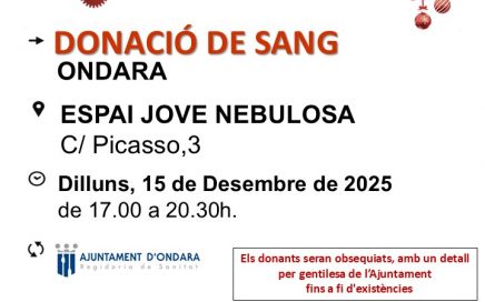 Ondara, 09.12.25. L’Ajuntament d’Ondara, a través de la Regidoria de Sanitat, anima la ciutadania a participar en la donació de sang especial per Nadal, que tindrà lloc el dilluns 15 de desembre de 2025, de 17:00 a 20:30 hores, a l’Espai Jove Nebulosa. Sota el lema “Este Nadal, uneix-te a la fàbrica de la vida: […]
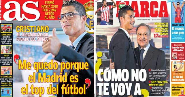 “He has signed until 2018 for 21 million euros a year”, they state. As main headline is a sentence by Cristiano Ronaldo: “I’m staying because Real Madrid is the top of football”.
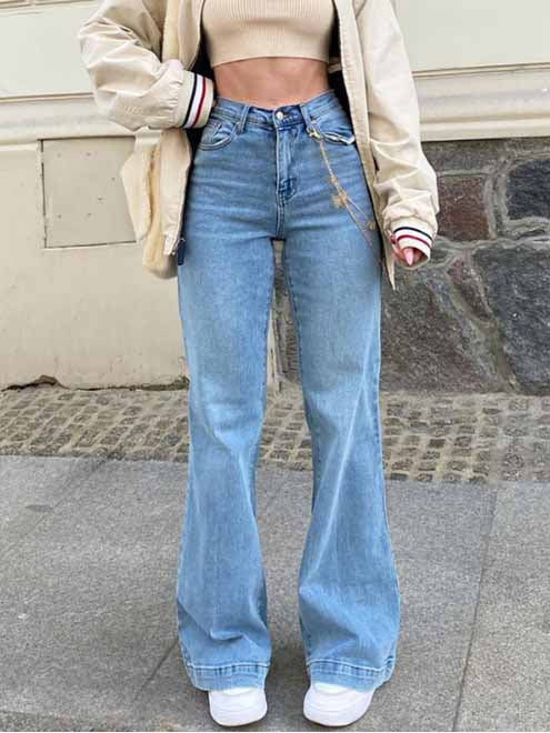 • Features: Button. pocket. zipper. denim. high waist. wide leg. fashionable

#### EXERCISE:
Leaving the pictures out, transcribe word for word the lines from the one with "has signed until" to the end of the material above, inclusive, and nothing else.

#### SOLUTION:
 “He has signed until 2018 for 21 million euros a year”, they state. As main headline is a sentence by Cristiano Ronaldo: “I’m staying because Real Madrid is the top of football”.
 • Features: Button. pocket. zipper. denim. high waist. wide leg. fashionable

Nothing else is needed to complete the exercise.